Hall, who was a member of Durham’s inaugural racial equity task force, adds that what has happened in the community since Davis’s letter and his subsequent firing “is not about Nida, just like it’s not about Wendell.

“It’s about a system that uses white privilege to keep us in-fighting so it can maintain power. That is what white power does. This should not be about Nida. This is about Wendy and Heidi not being held accountable. It should not be up to Nida to be a proctor of the peace. Again, we see the pitting of people of color against one another, while white harm doers go unscathed.”

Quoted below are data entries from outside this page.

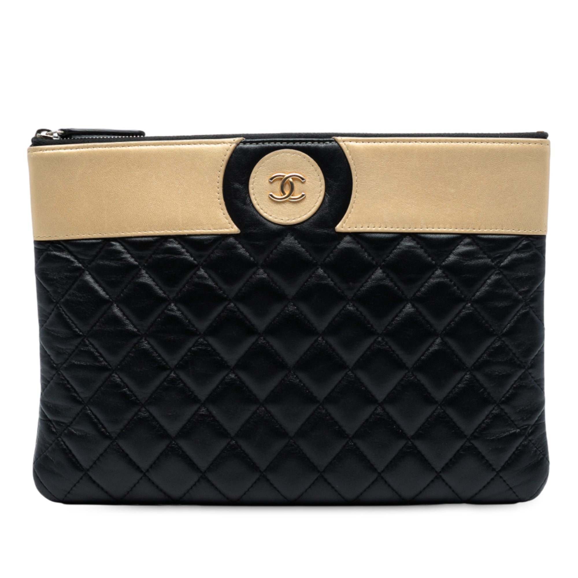 Chanel CC Bicolor Quilted Lambskin Clutch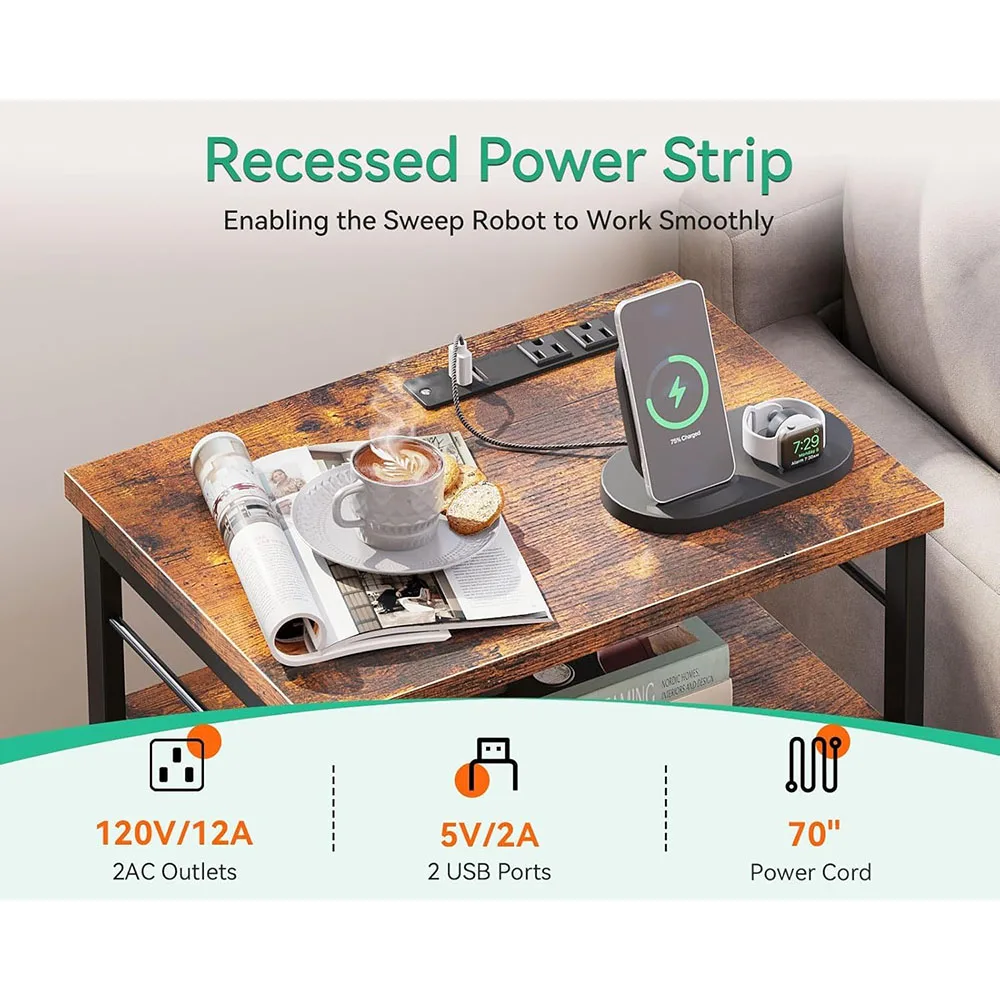 モダンな4段収納ベッドサイドナイトスタンド 高さのあるナイトスタンド 充電ステーションと引き出し付き ホームベッドルーム用エンドテーブル
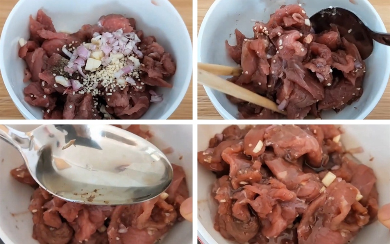 Bạn ướp thịt bò với 1 muỗng canh nước tương, 1 muỗng cà phê hạt nêm, 1/2 muỗng cà phê tiêu xay, 1/2 muỗng canh hành tỏi băm, 1 muỗng canh dầu ăn vào, trộn đều và để trong khoảng 15 – 20 phút cho thịt thấm gia vị.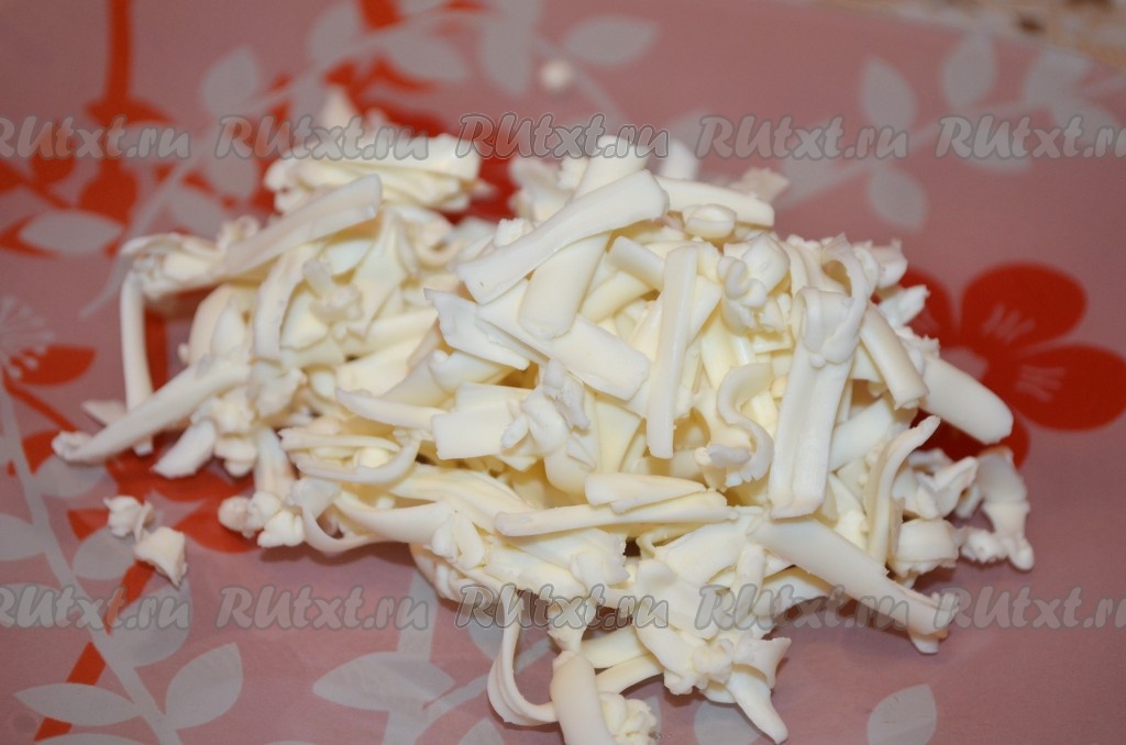 Яйца сварить в течение 9-10 минут с момента закипания воды, затем остудить и очистить. Плавленный сырок можно немного подморозить (подмороженный плавленный сыр натирается легче) и натереть на крупной тёрке. Можно взять и твёрдый сыр, его перед натиранием подмораживать не нужно.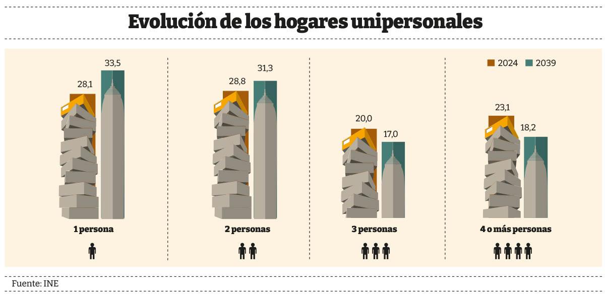 La mayor longevidad, unida a la baja natalidad, ha reducido progresivamente el tamaño medio de los hogares en España. Según datos del INE, en 1970 la media se acercaba a cuatro personas por vivienda; en 2021 se situó en 2,54 y las proyecciones indican que continuará bajando hasta 2,32 en 2039. Este proceso está provocando una mayor demanda de viviendas pequeñas, lo que genera un desajuste con el parque inmobiliario existente, aún orientado a unidades familiares más amplias.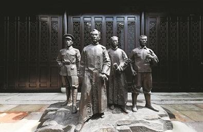 中共杭州小組紀(jì)念館新館內(nèi),徐梅坤、于樹德、金佛莊、沈干城四人雕像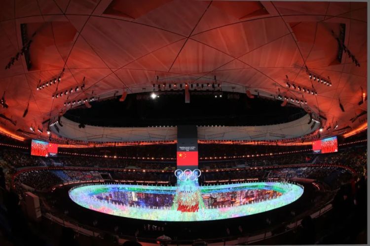 2月4日晚,第二十四届冬季奥林匹克运动会开幕式在北京国家体育场举行。这是中华人民共和国国旗入场。新华社记者 陈益宸 摄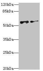 Predicted band size: 58, 56 kDa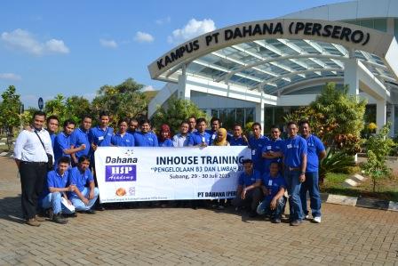 Alhamdullillah HSP Academy kembali dipercaya oleh PT Dahana Persero sebagai penyelenggara training Pengelolaan B3 dan Limbah B3 yang dilaksanakan pada tanggal 29-30 Juli 2015 di KAMPUS Dahana Subang Jawa Barat. Training yang dihadiri oleh 31 orang peserta dari berbagai divisi difasilitasi oleh Instruktur Senior HSP Academy yaitu DR. Alfajri Ismail, M.Sc., MPM. Training yang berlangsung selama dua hari tersebut diikuti secara antusias oleh semua peserta, hal ini terlihat dari banyaknya pertanyaan dan diskusi. Metoda training yang dilakukan oleh instruktur berupa pemaparan materi, diskusi, latihan identifikasi bahaya B3 dengan software, latihan audit manajemen B3, latihan membaca MSDS dan Label B3 dan inspeksi lapangan. Berikut adalah foto-foto training Pengelolaan B3 dan Limbah B3 PT Dahana Persero pada tanggal 29-30 Juli 2015 di Kantor Pusat Manajemen PT Dahana Subang Jawa Barat.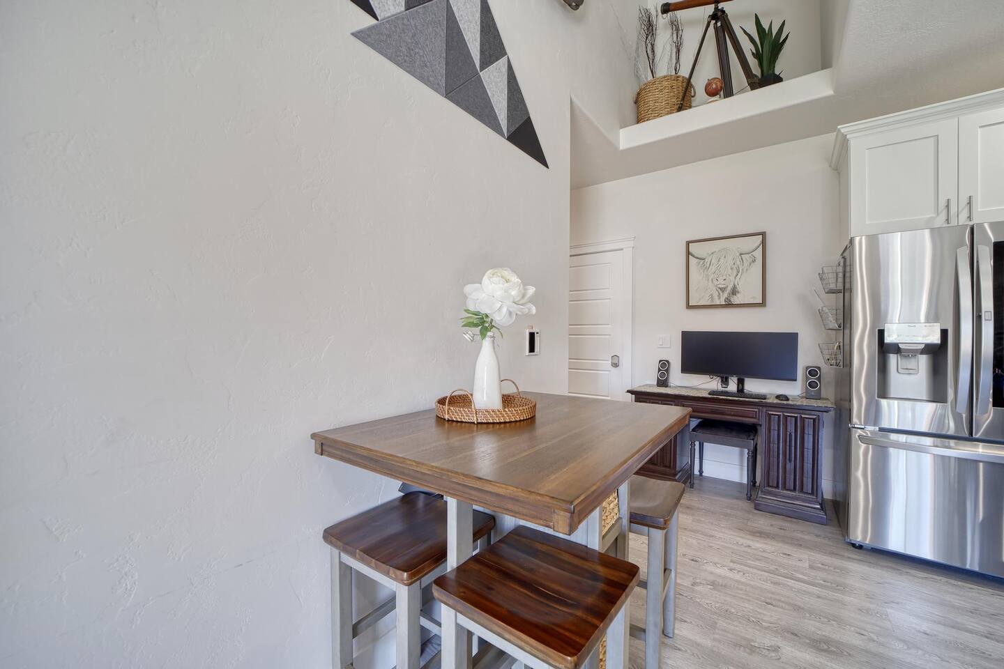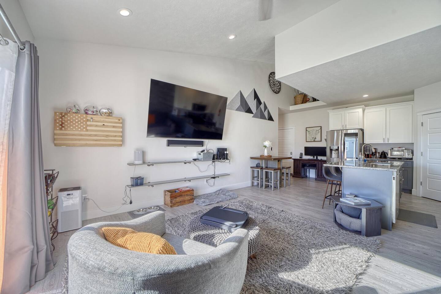 The space 1087A - Full Kitchen - 1 Bedroom, 2 Bathrooms, 1 Kitchen / Living Area Upscale townhomes that were built specifically for short term rentals. This listing if one of two units (at this location) to choose from: Full Kitchen w/ sleeping for 4 Fully fenced and private backyard. Units are dog friendly, and include full amenities including complementary drinks and snacks. TJ Rancher Units have the look and feel of a hotel, but the comfort and amenities of home. Great for long term work assignment.

Despite the current discord among the county board, Allam says she will continue to work with her fellow commissioners.

“Absolutely,” she says. “I’m willing to work with all parts of Durham. I was elected by the people of Durham, and I am dedicated to serving the people of Durham. It’s about working together to close the gaps that existed long before any of us were elected. I can say for myself, I’m fully dedicated to working with the board’s four other women. We come from vastly different backgrounds. We may not always agree, but we all love this community.”

Correction: The story has been updated to reflect that Commissioner Wendy Jacobs serves as vice chair, not co-chair, of the Durham County Board of Commissioners.